I would go so far as to say that this isn't just a building step, it is an essential part of being a star offensive player. If you look at the best offensive players, simply catching and shooting threes is a big part of their efficiency. Even high usage players like Harden, Love and Durant shoot a lot of assisted threes. Furthermore, even if Wiggins' handle improves, by and large this is not an area where players make huge leaps in development. He isn't going to ever dribble the ball like LeBron James. He will likely never be good enough to be a star player unless he becomes a great catch-and-shoot player, and the sooner he (and Flip) realize this, the better.

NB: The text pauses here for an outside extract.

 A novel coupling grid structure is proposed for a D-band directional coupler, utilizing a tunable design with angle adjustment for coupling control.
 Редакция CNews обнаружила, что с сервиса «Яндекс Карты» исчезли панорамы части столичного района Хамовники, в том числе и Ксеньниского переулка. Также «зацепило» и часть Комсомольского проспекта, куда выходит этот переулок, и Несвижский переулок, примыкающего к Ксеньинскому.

While we are speaking of Wiggins, in a recent interview, Brett Brown lamented that none of his rookies are playing this year. He claimed that before the draft, he was sure that he'd be rolling with Andrew Wiggins and Nik Stauskas. I'm not sure what he's suggesting here. Does he think those two would have helped!? Having those two on his roster would almost assuredly have made his team worse. And that's impressive, given that Philly is on track to win about 9 games.

Elfrid Payton may not be a star yet, but there are signs that he will be. You can teach a guy to shoot (unlike ball-handling, this is something players do tend to get better at), so when a young player is good at steals, rebounds and assists, there is lots of reason to be excited. It is one of the reasons I am still high on Michael Carter-Williams, despite his terrible start this year.

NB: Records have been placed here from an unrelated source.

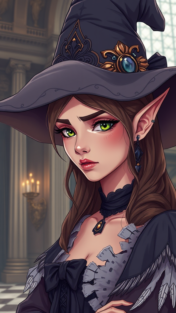 Professional portrait of a female elf wizard in a grand palace setting; the focus is on a close-up with a disappointed expression, wearing an elaborate large hat and long, intricately torn Victorian-inspired attire. She exudes a seductive yet enigmatic aura, portrayed from a slightly low angle to enhance her mystical presence. The scene is rendered in a cartoonish style with a fantasy Victorian aesthetic, showcasing complex, dynamic lighting. The image is ultra-detailed, featuring high-resolution elements with coherent compositions, blending elements of fantasy with slight touches of surrealism to add depth and interest.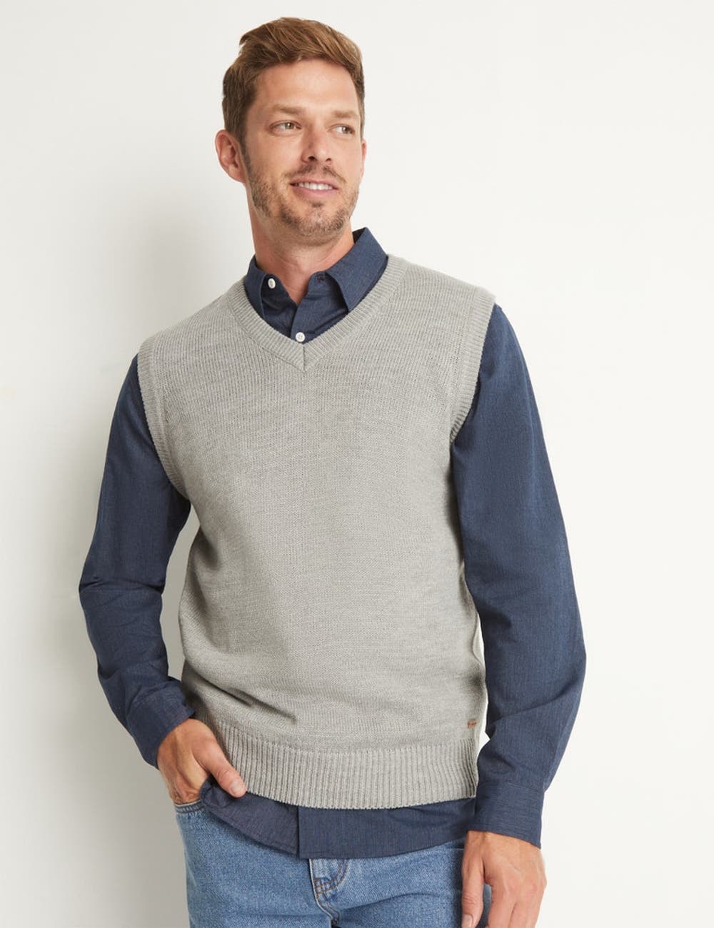 Rivers presents a sophisticated men's knitwear piece that exudes timeless elegance. This sleeveless V-neck top in solid print offers a fitted silhouette, making it a classic addition to any wardrobe. With an ideal regular length, this garment combines comfort with style seamlessly. Elevate your look with this statement piece from Rivers and embrace understated sophistication effortlessly.Material: Acrylic. Dispatch within 1-2 days (please make sure your address is correct). Delivery times into New Zealand are as follows:- Auckland 2-4 days | Wellington 2-4 days | Christchurch 4-7 days | North Island 3-5 days | South Island 4-8 days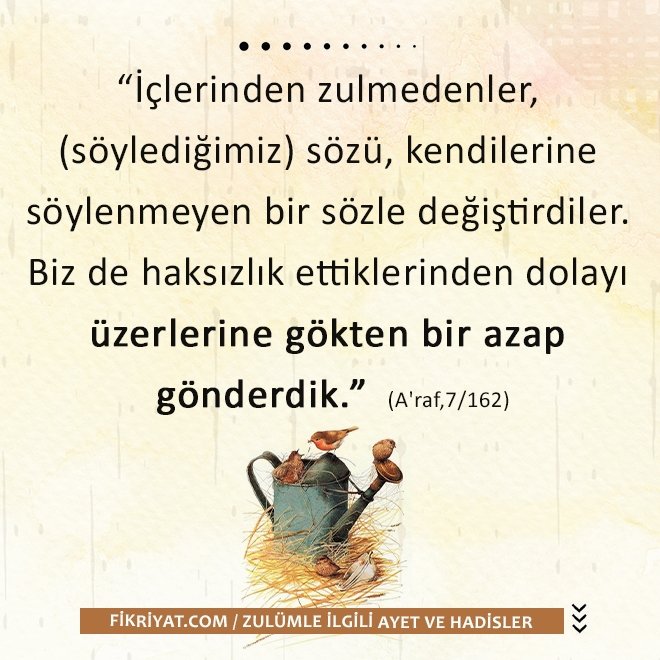 ◾ "İçlerinden zulmedenler, (söylediğimiz) sözü, kendilerine söylenmeyen bir sözle değiştirdiler. Biz de haksızlık ettiklerinden dolayı üzerlerine gökten bir azap gönderdik."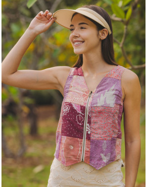 Up to the minute style change with this versatile vest that can be worn on its own, over a tank, or on reverse! Yes, you can be fickle minded with this!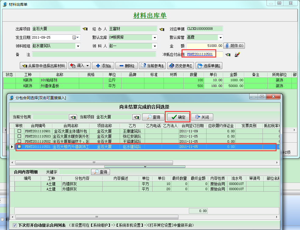 甲供材到達現(xiàn)場倉庫后,由分包商(領料班組)領走,此時做相應的出庫單,在出庫單中我們勾選沖抵應付合同,并選擇對應的分包合同,如下圖所示,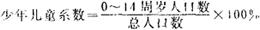又称少年儿童人口比重。是指少年儿童(或0~11周岁)人口占总人口的百分比。计算公式是:

Tarik Black and Kostas Papanikolaou are two guys you probably didn't have on your radar last year, right? It's weird how this happens a lot in Houston. Those guys must just be really lucky. So far Black looks like a one-trick pony (but the trick is rebounding, so that's a good thing), and Papanikolaou looks a little less raw; he has already had a few passes show up on Sportscenter.

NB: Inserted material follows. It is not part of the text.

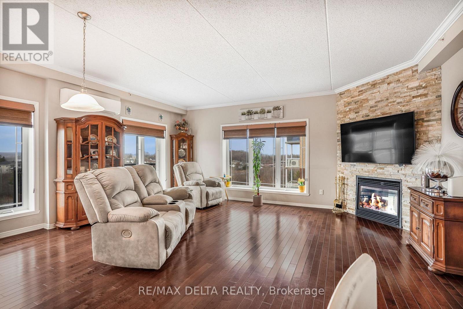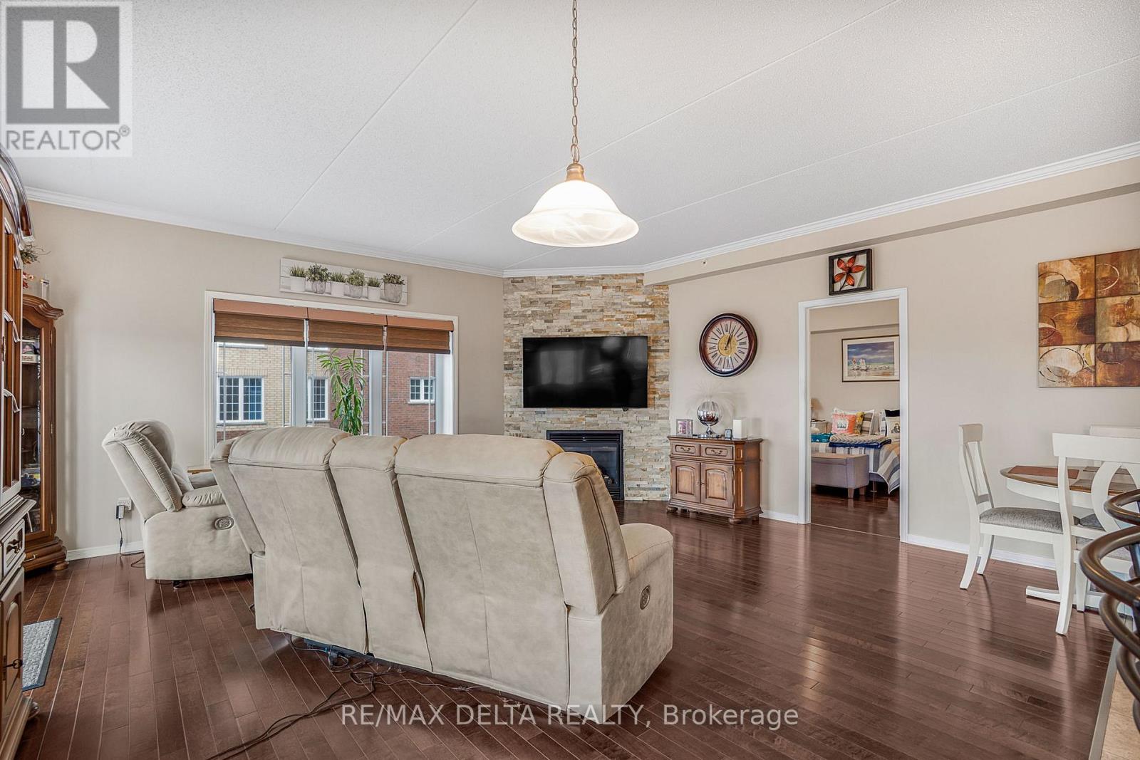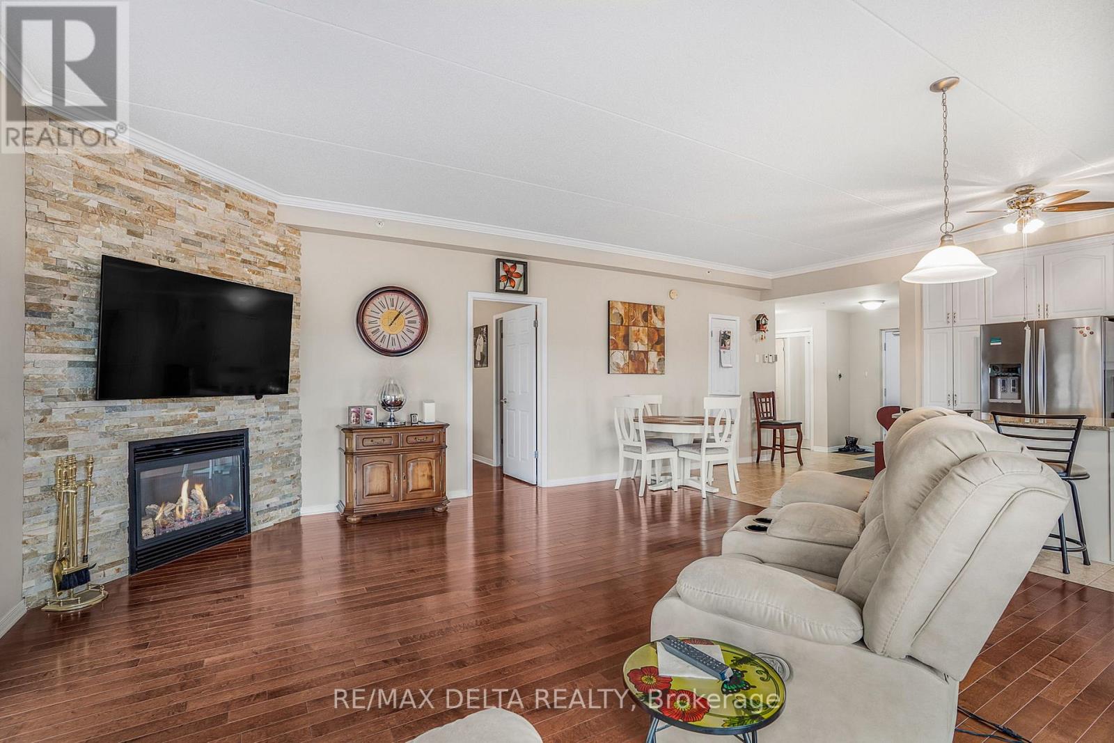 Welcome to this beautifully maintained northeast-facing 2-bedroom corner condo, offering breathtaking views of the river and mountains. Featuring hardwood and ceramic tile flooring throughout, this spacious and inviting unit is perfectly situated close to a variety of amenities.Step into a bright open-concept living space that includes: a spacious kitchen with abundant cabinetry and counter top space, a warm and welcoming living room with a natural gas fireplace, a dining area with patio doors leading to a generously sized balcony-perfect for relaxing. The large primary bedroom includes a walk-in closet and a full ensuite bathroom equipped with a step-in bathtub, thoughtfully designed for accessibility and safety. The second bedroom makes an ideal home office, guest room, or hobby space.A 3-piece main bathroom combined with a convenient in-unit laundry/mechanical room complete this well-laid-out condo. Additional features include: Heated underground garage parking (space #6), locker #38 for extra storage and elevator and secure intercom system. All appliances included in the asking price. As per Form 244: 24 hours irrevocable on all offers; Seller may respond sooner. Don't miss your chance to own this bright, comfortable, and ideally located condo with stunning views and exceptional features. Must be seen! (41743244)

Dante Exum actually looked really good during the preseason, but he and Zach Lavine just aren't ready yet.

The future might be bright in Miami, since both James Ennis and Shabazz Napier are producing, but so far Napier hasn't excelled much other than showing some three point range, and Ennis hasn't gotten the kind of minutes I'd like to see to make any judgments just yet.

I remember all last year, there were a lot of folks that were dead certain that this draft would be one for the ages, right up there with 1984, 1996, and 2003. I wonder if they are still dead certain, and if so, I wonder where their certainty comes from?